Your assignment — Line by line, print the records exactly, and keep images out of the copy.
START Materials provided
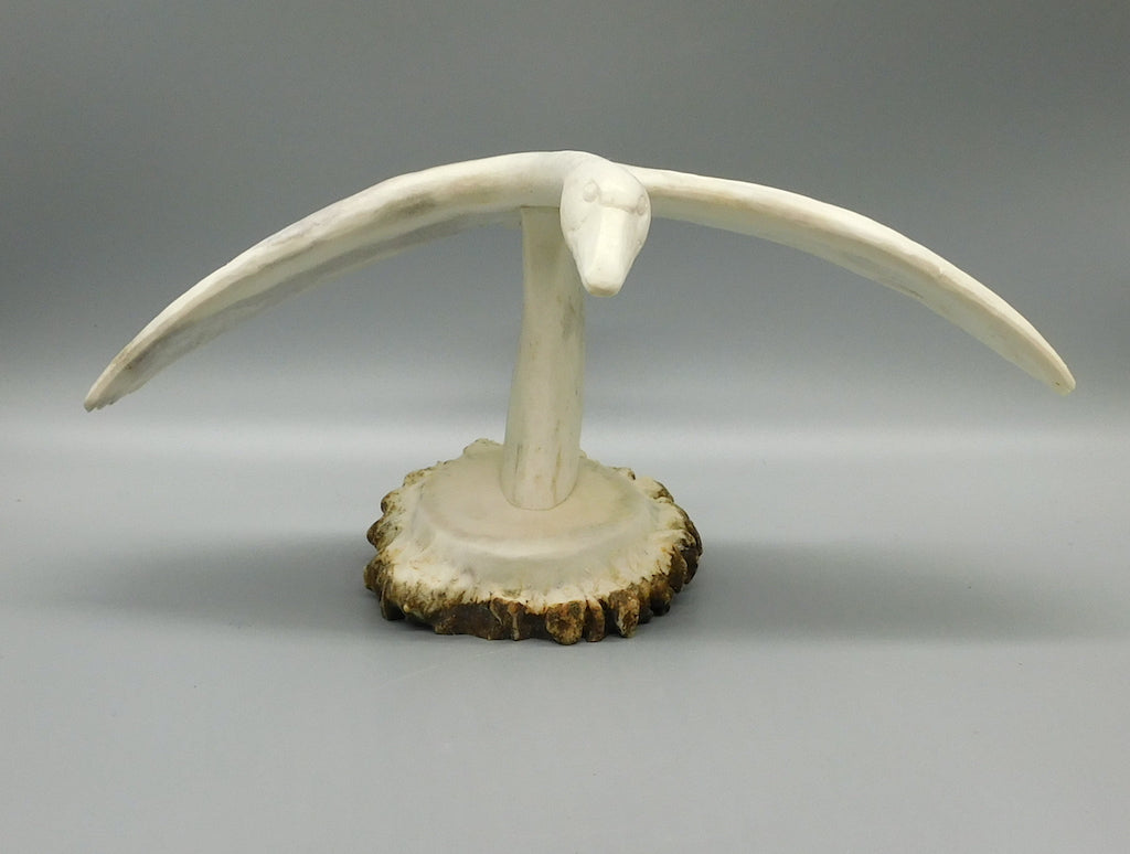 Maureen Morris has developed a very unique craft. Working in antler and bone, Maureen produces beautiful sculptures of considerable brilliance, both in design and in craftsmanship. In her strong graceful bird forms, Maureen demonstrates the carver’s unique ability to see one form inside another. A graduate of the Vancouver School of Art, Maureen initially came to the North to carve jade. However, she soon became fascinated with the potential of antler as a carving medium.
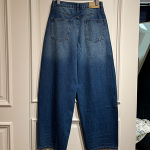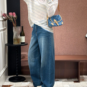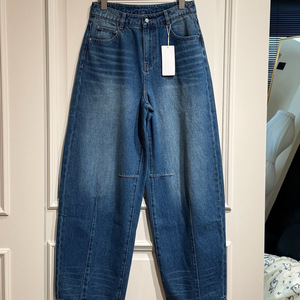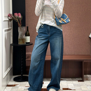 0812x5~ 时尚简约韩系百搭宽松显瘦水洗女士高腰阔腿弯刀牛仔裤
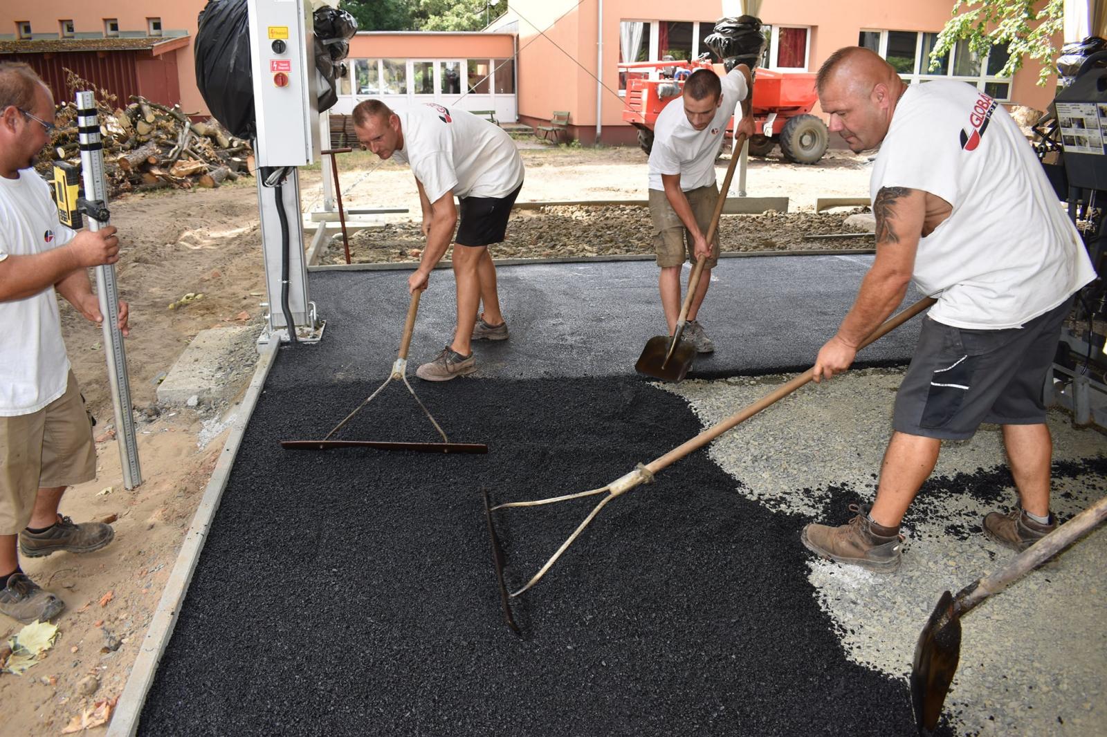 A Globál Sport Kft. saját kivitelezésben építi a sportpálya alépítményét és az aszfalt felületet is, utóbbihoz 110 tonnát használnak fel.
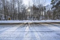 A scenic landscape in Ontario, Canada. The asphalt road winds through a snowy forest, illuminated by sunlight. The trees and vegetation create a beautiful natural backdrop against the clear blue sky.
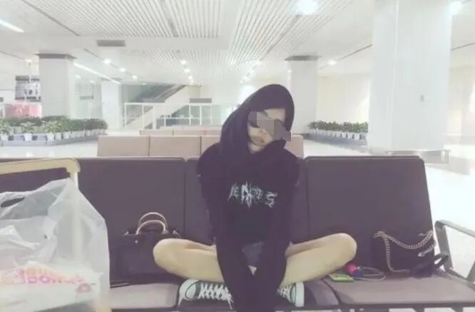 照片中的娜扎盘腿坐在候车厅的凳子上,鞋底并未接触座椅。
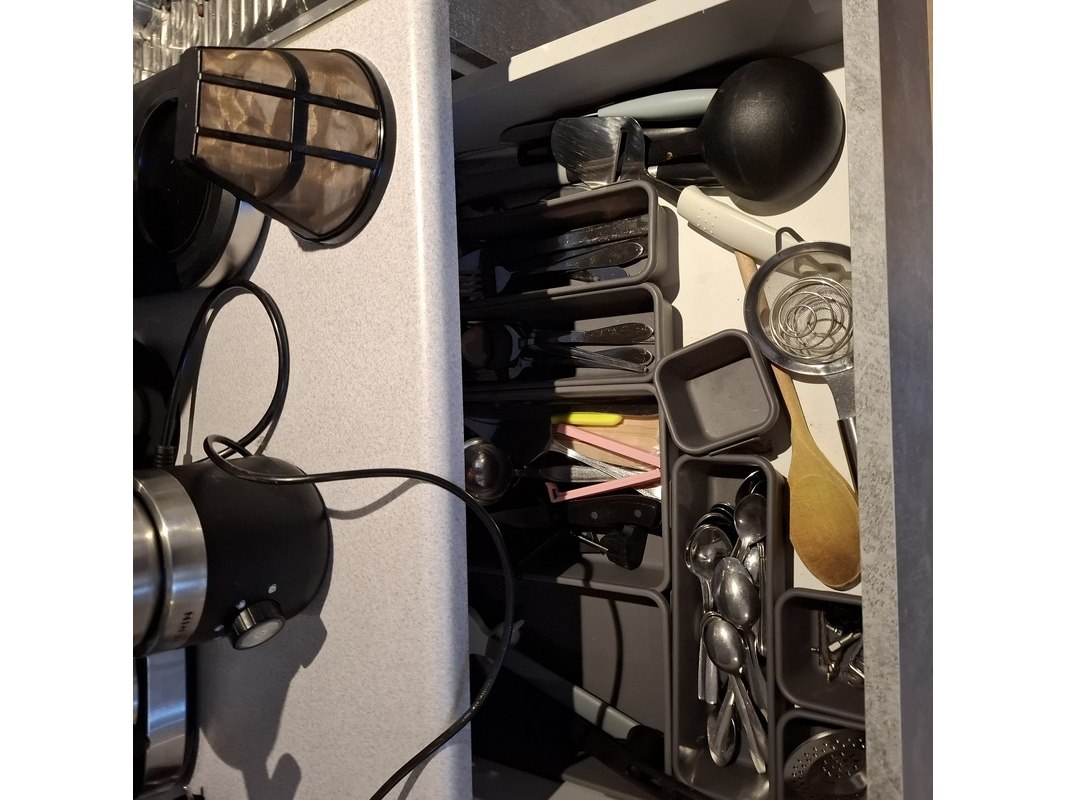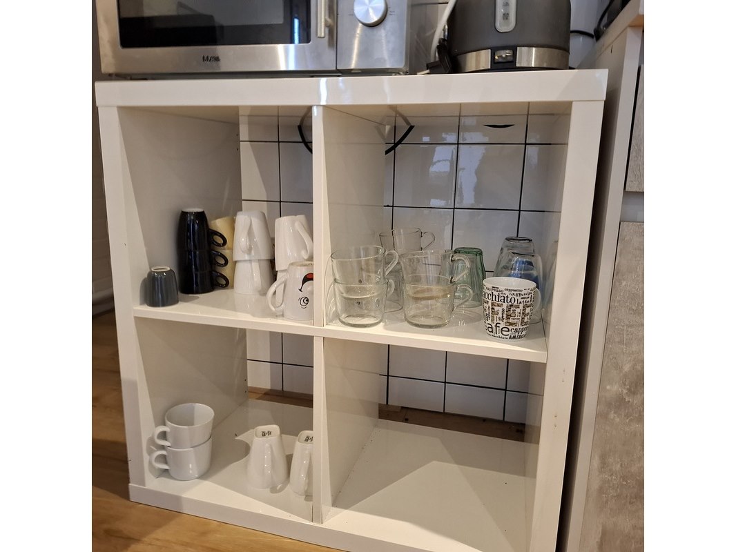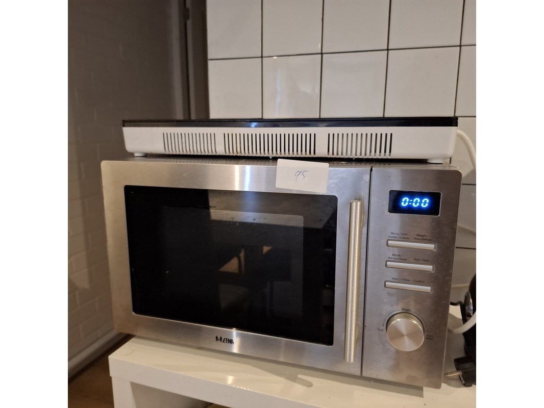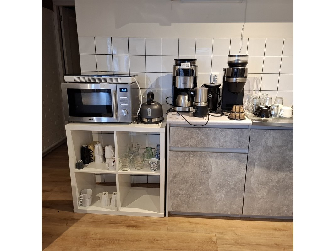 Product: Inhoud keukenblok Specificaties: bestaande uit o.a. : koffiezetapparaat, waterkoker, magnetron, 2 zone inductieplaat, melkopschuimer, kopjes, bestek, bordjes, etc.
END Materials provided
Response —
 Maureen Morris has developed a very unique craft. Working in antler and bone, Maureen produces beautiful sculptures of considerable brilliance, both in design and in craftsmanship. In her strong graceful bird forms, Maureen demonstrates the carver’s unique ability to see one form inside another. A graduate of the Vancouver School of Art, Maureen initially came to the North to carve jade. However, she soon became fascinated with the potential of antler as a carving medium.
 0812x5~ 时尚简约韩系百搭宽松显瘦水洗女士高腰阔腿弯刀牛仔裤
 A Globál Sport Kft. saját kivitelezésben építi a sportpálya alépítményét és az aszfalt felületet is, utóbbihoz 110 tonnát használnak fel.
 A scenic landscape in Ontario, Canada. The asphalt road winds through a snowy forest, illuminated by sunlight. The trees and vegetation create a beautiful natural backdrop against the clear blue sky.
 照片中的娜扎盘腿坐在候车厅的凳子上,鞋底并未接触座椅。
 Product: Inhoud keukenblok Specificaties: bestaande uit o.a. : koffiezetapparaat, waterkoker, magnetron, 2 zone inductieplaat, melkopschuimer, kopjes, bestek, bordjes, etc.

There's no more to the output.